If the no-rinse foam is not handy, you can use Coil King Condenser Coil cleaner, which is available at home improvement stores. Clean water must be sprayed onto the evaporator or condenser to rinse off this liquid product. It must be allowed to dry before running the air-conditioner.
When it Rains, Does it Pour – Inside?
There are two different size air-conditioner gaskets — one is 14 x 14 inches and the other is 14 x 16 inches — so you will need to measure before ordering the gasket. Be sure to get a high-quality gasket so it will last a long time and not continue to compress as the weight of the air-conditioner bears down on it over time. Remove the ADB to expose the four bolts that keep the upper unit of the air-conditioner tight to the roof. You will need to scrape the gasket from the upper unit; don’t be afraid to set the air-conditioner on its side for a short period of time to gain access (it’s not going to affect the freon). Using a sharp putty knife, scrape the gasket from the air-conditioner and clean the area with alcohol to make sure there’s no oil on the surface. Then, peel the self-stick paper from the new gasket and press it into place.

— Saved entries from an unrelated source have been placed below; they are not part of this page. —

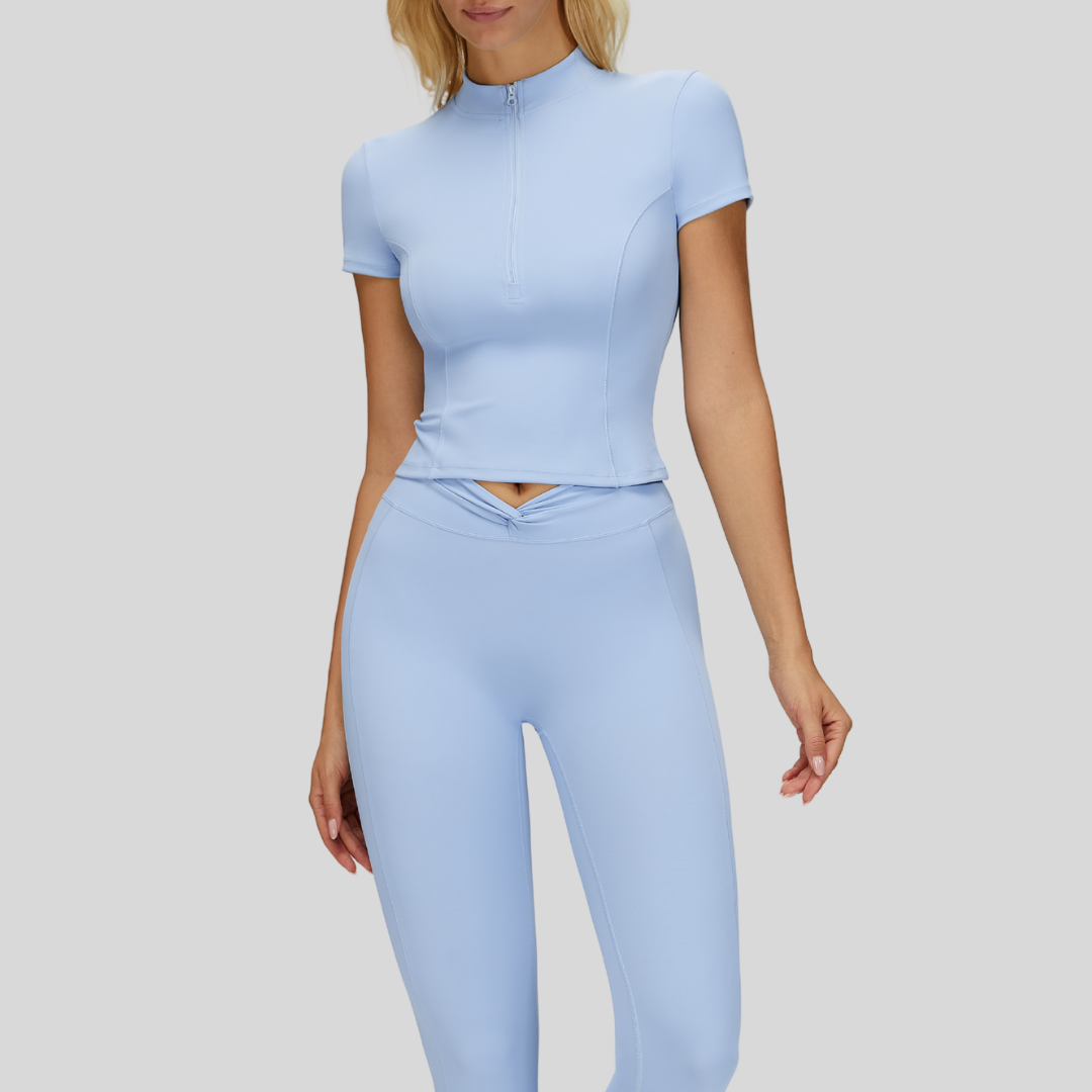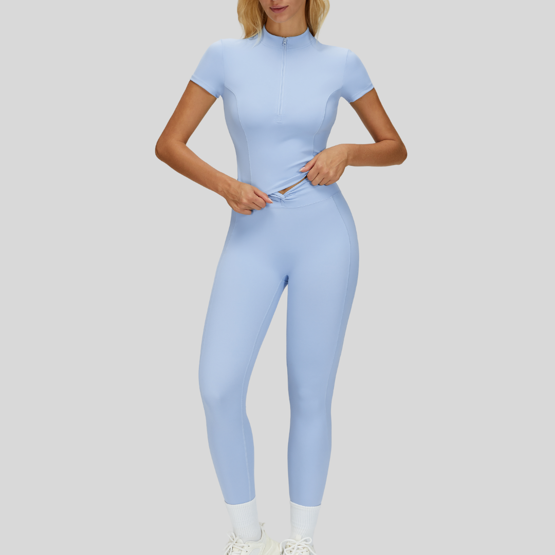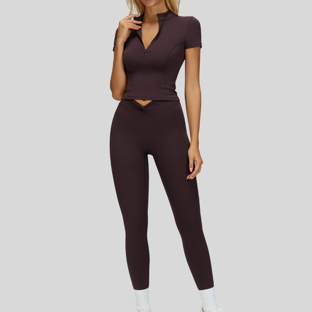 A refined two-piece set designed to shape, smooth, and elevate your everyday movement. Annalise pairs a flattering twist-front legging with a sleek quarter-zip top for a polished lifestyle look.
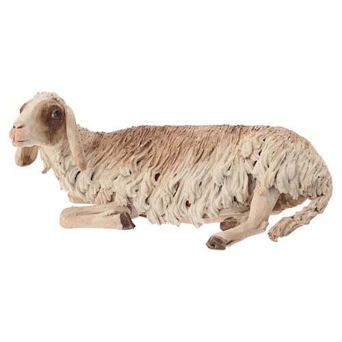 Mouton allongé 30 cm crèche Angela Tripi. Santon en terre cuite adapté pour crèche de 30 cm, représentant un mouton allongé par terre.
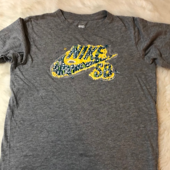 grey and yellow nike shirt
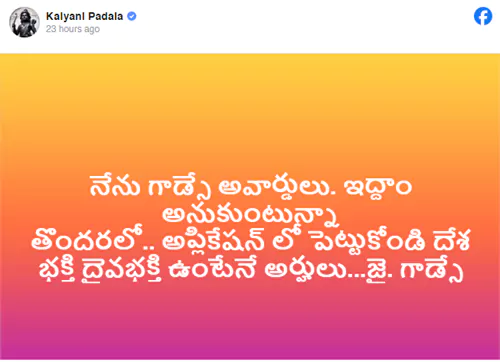 అలాగే 2014లో నాకు ప్రకటించిన నంది అవార్డులు ఇంకా ఇవ్వలేదు అవి ఇంక రావని కూడా తెలుసు. కళాకారులకి గద్దర్ పేరున ఇచ్చే అవార్డులు కూడా దండగే అని కూడా ఆమె అంది. ఆమె తన ఫేస్ బుక్ ద్వారా ఈ వ్యాఖ్యలు చేసింది. ప్రస్తుతం కరాటే కళ్యాణి చేసిన ఈ వ్యాఖ్యలు రెండు తెలుగు రాష్ట్రాల్లో సంచలనం సృష్టిస్తున్నాయి.ఈ విషయంలో కల్యాణిని కొంత మంది విమర్శిస్తుంటే మరికొంత మంది మాత్రం సపోర్ట్ గా మాట్లాడుతున్నారు.
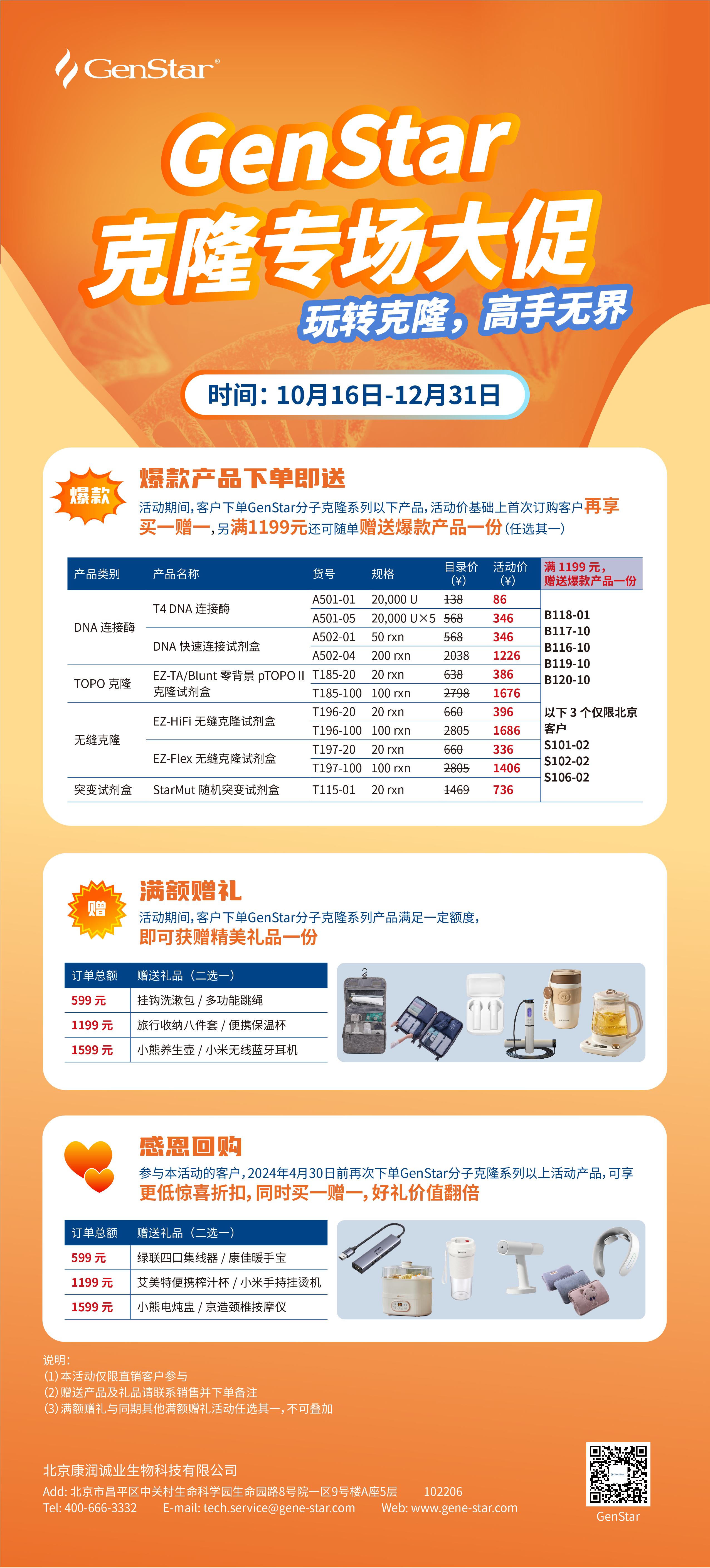 分子克隆是分子生物學(xué)的一項(xiàng)核心技術(shù),發(fā)展至今,從經(jīng)典的酶切酶連法、快捷簡單的TOPO克隆法到靈活高效的同源重組克隆,都有其各自的優(yōu)勢和應(yīng)用場景。GenStar的分子克隆系列產(chǎn)品經(jīng)過不斷優(yōu)化和迭代,自上市以來,備受眾多客戶的認(rèn)可和支持。為回饋新老客戶,我們特推出分子克隆系列產(chǎn)品專場促銷,助您的分子克隆實(shí)驗(yàn)脫離“靠運(yùn)氣”的魔咒,從入門到精通。
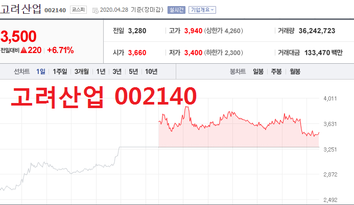홍정욱 관련주 TOP 7 고려산업 (002140)
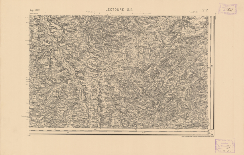 "Paris. Service Géographique de l'Armée, 1889. Ebbe origine dall'Edizione zincografica in quarti di foglio, stabilita dal 1879, per la carta detta de "L'Etat-Major". Infatti non rispondono più il sistema della riproduzione zincografica alle esigenze che la revisione dei fogli imponeva, per un inevitabile logoramento dei rami originali, fu proposta dapprima la correzione degli zinchi, ma questo, importando un lavoro lungo e gravoso, si adottò il procedimento galvanico. I rami galvanici ottenuti e corretti secondo questo sistema presero il nome di "édition type 1889". Allo scopo di facilitare l'incisione fu adoperata la suddivisione in quarti di foglio come per l'edizione zincografica. La revisione dei fogli di questo tipo non fu iniziata che nel 1893. Dal catalogo del S.G.A. risultano mancanti a questa edizione i dipartimenti della "Moselle", del "Bas-Rhin" e del "Haut-Rhin" per i quali non esiste che una edizione in fogli interi aggiornata nel 1901."
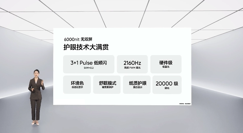 此外,该屏幕还带来全新护眼技术,支持 3+1 Pulse 低频闪、2160HzPWM 调光、硬件级低蓝光、环境色自适应显示。
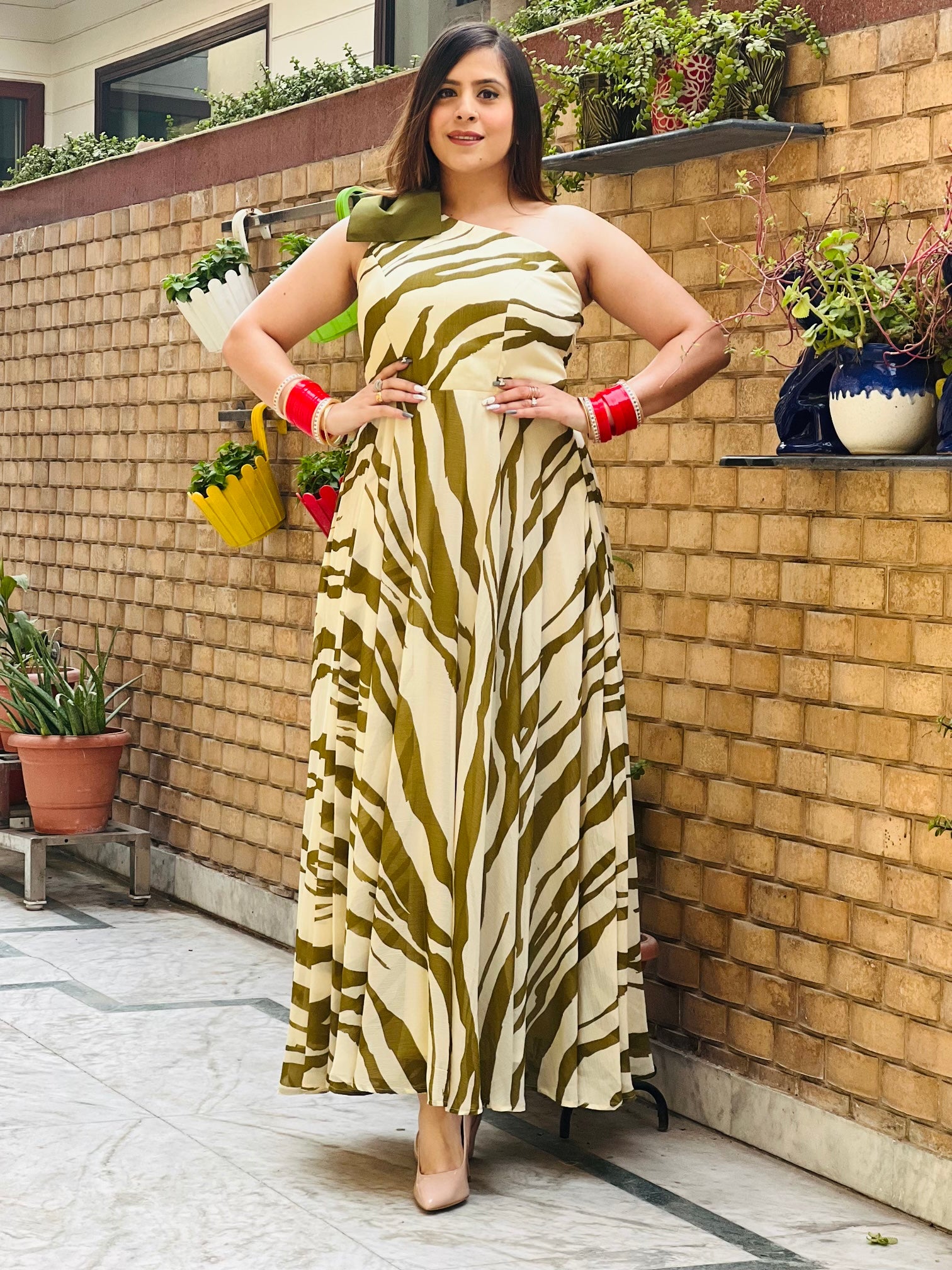 Comfortable and classy curated in finest quality georgette fabric, style this maxi dress in the coming season for a complimenting styling.
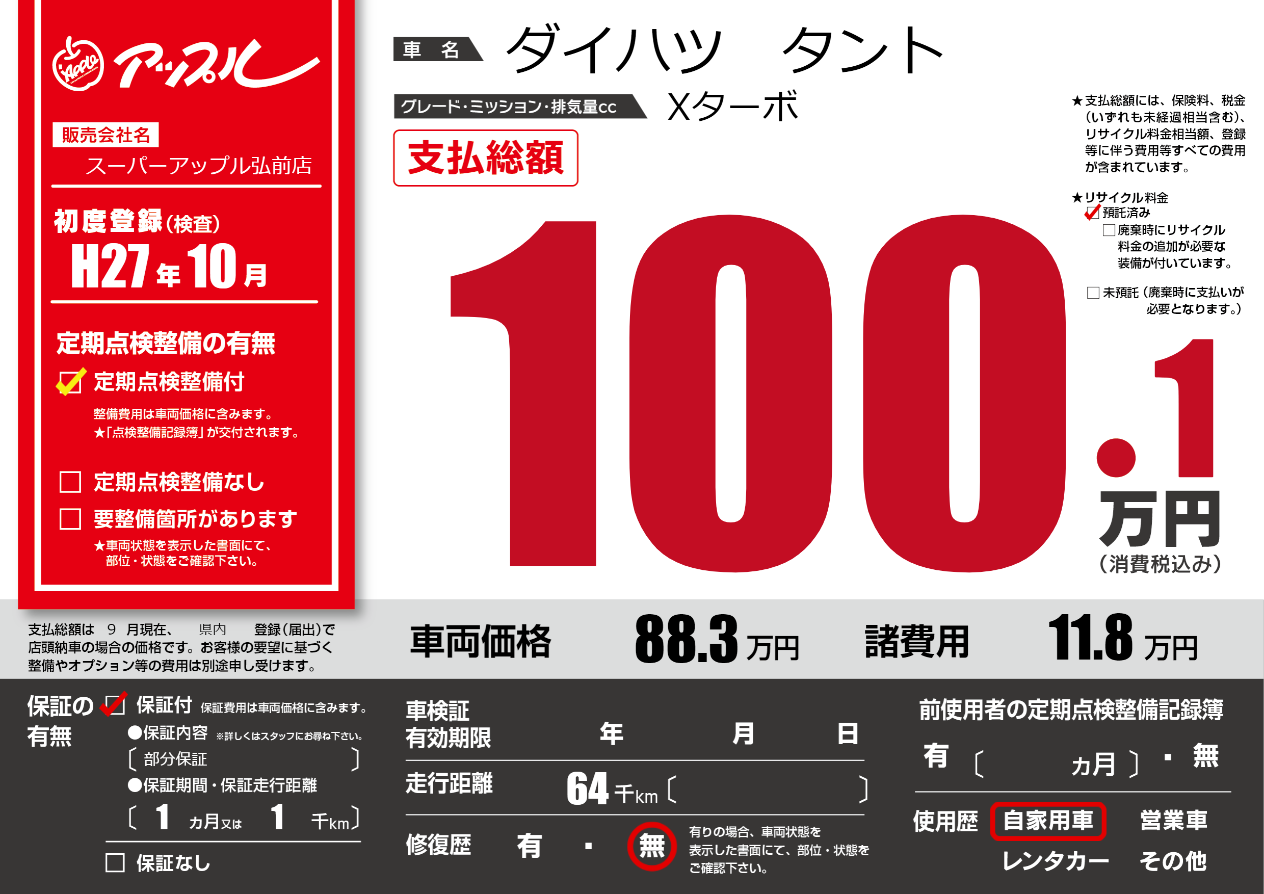 | 車名 | ダイハツ タント | グレード ミッション 排気量 |

The general rule of thumb is to tighten to 25-30 in.-lb., or about a ¼-inch of gasket compression. This relates to about five or six rotations of a wrench. After the initial installation, double-check the torque and/or the compression of the gasket after one or two trips on the road.
If for some reason you do have to pull the upper unit from the roof for maintenance or for repair when re-installing, you will need to compress the gasket about another ¼-inch from the thickness of the gasket at that time.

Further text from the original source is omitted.